Set down exactly the lines below between the line holding "tutup Nevi Zuairina" and the line holding "Según informó la", inclusive; no other line belongs in the answer.

(Beginning of AVAILABLE DATA)

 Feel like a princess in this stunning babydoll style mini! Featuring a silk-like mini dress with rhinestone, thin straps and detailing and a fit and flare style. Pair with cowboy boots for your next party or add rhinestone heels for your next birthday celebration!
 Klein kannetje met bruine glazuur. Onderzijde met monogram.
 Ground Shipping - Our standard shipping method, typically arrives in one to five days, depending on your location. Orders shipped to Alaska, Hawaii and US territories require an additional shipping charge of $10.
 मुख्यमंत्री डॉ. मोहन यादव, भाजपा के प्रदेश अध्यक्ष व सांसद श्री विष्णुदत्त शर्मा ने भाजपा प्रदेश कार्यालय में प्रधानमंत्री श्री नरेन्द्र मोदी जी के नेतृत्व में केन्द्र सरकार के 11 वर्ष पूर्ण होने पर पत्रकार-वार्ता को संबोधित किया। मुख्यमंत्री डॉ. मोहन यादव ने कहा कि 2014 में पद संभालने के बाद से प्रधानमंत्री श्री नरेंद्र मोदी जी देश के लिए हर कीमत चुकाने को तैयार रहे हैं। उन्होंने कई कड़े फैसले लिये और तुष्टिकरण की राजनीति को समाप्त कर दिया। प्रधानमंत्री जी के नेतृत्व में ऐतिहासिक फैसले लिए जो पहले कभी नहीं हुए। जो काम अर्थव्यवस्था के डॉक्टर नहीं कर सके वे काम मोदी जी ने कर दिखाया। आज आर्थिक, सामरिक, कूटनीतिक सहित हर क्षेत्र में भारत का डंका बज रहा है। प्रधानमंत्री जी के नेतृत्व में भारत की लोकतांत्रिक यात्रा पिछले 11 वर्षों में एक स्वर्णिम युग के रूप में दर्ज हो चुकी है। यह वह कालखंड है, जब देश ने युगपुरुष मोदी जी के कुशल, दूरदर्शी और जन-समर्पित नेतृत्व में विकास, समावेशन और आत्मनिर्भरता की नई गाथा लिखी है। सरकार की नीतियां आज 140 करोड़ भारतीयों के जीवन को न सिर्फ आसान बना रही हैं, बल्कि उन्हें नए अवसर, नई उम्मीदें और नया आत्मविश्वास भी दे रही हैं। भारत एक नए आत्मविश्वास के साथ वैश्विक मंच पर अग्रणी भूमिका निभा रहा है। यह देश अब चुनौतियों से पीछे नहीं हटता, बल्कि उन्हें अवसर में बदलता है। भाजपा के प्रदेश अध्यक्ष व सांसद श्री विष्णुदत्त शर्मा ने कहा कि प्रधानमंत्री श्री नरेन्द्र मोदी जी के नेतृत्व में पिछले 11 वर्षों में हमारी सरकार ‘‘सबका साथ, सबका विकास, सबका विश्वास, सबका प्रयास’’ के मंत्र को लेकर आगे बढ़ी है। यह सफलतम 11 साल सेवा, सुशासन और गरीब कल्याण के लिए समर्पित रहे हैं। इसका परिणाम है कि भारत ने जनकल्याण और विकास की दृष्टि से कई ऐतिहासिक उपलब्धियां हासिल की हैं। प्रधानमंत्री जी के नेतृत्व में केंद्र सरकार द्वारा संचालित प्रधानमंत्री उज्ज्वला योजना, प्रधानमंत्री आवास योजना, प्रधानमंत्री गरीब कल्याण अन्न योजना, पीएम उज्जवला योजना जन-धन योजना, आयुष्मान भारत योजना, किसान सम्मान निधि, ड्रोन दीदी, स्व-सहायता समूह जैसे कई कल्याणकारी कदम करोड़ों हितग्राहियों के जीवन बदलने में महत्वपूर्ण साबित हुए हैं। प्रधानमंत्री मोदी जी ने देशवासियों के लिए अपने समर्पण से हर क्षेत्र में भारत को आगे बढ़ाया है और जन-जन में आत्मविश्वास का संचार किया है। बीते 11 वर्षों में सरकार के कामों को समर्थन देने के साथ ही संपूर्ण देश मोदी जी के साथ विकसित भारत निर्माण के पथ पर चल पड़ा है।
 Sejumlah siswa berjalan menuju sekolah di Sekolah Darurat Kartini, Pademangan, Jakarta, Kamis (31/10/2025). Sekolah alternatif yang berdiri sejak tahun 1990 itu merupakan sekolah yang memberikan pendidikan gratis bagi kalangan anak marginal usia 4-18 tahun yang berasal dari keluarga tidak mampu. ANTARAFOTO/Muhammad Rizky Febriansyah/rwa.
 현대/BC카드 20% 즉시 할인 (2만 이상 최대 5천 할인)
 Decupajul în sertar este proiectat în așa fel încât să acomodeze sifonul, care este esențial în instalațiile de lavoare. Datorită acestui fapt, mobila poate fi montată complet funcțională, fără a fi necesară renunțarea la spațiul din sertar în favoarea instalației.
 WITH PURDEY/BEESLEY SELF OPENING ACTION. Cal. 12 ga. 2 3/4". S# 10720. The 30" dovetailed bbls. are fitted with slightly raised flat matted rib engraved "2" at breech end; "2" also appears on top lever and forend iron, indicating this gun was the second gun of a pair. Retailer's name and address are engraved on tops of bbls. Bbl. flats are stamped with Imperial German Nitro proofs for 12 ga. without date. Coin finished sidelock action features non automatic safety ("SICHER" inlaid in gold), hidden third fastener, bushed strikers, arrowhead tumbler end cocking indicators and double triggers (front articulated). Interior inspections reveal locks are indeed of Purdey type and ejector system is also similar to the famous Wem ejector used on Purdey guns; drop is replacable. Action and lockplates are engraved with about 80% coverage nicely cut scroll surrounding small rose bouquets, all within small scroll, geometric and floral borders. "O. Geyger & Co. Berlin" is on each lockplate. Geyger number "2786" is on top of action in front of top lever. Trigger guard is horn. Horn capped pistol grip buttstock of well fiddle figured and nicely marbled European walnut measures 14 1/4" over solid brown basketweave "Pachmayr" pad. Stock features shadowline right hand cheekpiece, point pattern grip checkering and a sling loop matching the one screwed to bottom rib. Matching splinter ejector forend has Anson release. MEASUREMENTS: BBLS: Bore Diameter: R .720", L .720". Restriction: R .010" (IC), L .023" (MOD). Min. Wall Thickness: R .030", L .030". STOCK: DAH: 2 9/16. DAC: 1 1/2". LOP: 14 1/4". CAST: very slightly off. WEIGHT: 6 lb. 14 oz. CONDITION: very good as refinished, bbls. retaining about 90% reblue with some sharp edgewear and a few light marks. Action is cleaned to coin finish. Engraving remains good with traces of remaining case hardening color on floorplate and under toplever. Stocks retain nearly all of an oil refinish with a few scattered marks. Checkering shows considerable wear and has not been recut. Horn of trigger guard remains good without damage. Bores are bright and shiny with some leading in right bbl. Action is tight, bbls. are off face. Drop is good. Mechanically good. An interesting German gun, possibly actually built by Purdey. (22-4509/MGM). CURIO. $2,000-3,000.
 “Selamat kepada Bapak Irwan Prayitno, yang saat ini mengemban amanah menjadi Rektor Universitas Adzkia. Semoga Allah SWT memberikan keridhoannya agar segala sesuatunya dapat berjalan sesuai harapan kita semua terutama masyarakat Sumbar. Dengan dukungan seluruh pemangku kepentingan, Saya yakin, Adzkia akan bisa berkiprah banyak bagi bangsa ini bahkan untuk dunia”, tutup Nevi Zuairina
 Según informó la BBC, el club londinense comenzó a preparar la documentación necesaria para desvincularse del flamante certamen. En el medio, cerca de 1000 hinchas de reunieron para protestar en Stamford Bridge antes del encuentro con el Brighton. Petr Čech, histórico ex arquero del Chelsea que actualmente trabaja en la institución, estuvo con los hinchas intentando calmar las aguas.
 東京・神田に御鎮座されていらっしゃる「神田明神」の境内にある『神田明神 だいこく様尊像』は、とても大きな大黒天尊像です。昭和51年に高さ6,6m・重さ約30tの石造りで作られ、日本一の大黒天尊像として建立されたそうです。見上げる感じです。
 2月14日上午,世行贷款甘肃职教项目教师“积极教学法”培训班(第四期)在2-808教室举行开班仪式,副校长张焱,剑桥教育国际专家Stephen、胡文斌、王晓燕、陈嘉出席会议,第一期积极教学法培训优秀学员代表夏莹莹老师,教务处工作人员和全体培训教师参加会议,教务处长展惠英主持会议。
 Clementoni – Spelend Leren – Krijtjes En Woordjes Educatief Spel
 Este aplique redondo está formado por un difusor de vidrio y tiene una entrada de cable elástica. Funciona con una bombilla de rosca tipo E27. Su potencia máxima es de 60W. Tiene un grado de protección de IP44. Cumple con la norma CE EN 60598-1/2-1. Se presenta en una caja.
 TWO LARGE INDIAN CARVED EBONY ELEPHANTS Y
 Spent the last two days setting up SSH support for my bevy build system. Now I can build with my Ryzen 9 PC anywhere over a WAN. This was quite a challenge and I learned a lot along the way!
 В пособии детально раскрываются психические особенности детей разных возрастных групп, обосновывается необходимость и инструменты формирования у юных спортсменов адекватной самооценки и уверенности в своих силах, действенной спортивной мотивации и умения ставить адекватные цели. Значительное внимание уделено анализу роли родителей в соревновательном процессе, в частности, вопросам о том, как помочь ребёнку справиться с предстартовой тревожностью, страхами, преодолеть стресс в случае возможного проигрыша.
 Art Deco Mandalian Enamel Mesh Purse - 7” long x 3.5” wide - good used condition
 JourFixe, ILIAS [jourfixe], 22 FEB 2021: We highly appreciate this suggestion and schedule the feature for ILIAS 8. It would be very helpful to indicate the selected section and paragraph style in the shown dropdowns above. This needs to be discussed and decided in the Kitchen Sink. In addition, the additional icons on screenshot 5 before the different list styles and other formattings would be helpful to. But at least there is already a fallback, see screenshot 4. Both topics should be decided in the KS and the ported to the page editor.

(End of AVAILABLE DATA)

EXPECTED OUTPUT:
 “Selamat kepada Bapak Irwan Prayitno, yang saat ini mengemban amanah menjadi Rektor Universitas Adzkia. Semoga Allah SWT memberikan keridhoannya agar segala sesuatunya dapat berjalan sesuai harapan kita semua terutama masyarakat Sumbar. Dengan dukungan seluruh pemangku kepentingan, Saya yakin, Adzkia akan bisa berkiprah banyak bagi bangsa ini bahkan untuk dunia”, tutup Nevi Zuairina
 Según informó la BBC, el club londinense comenzó a preparar la documentación necesaria para desvincularse del flamante certamen. En el medio, cerca de 1000 hinchas de reunieron para protestar en Stamford Bridge antes del encuentro con el Brighton. Petr Čech, histórico ex arquero del Chelsea que actualmente trabaja en la institución, estuvo con los hinchas intentando calmar las aguas.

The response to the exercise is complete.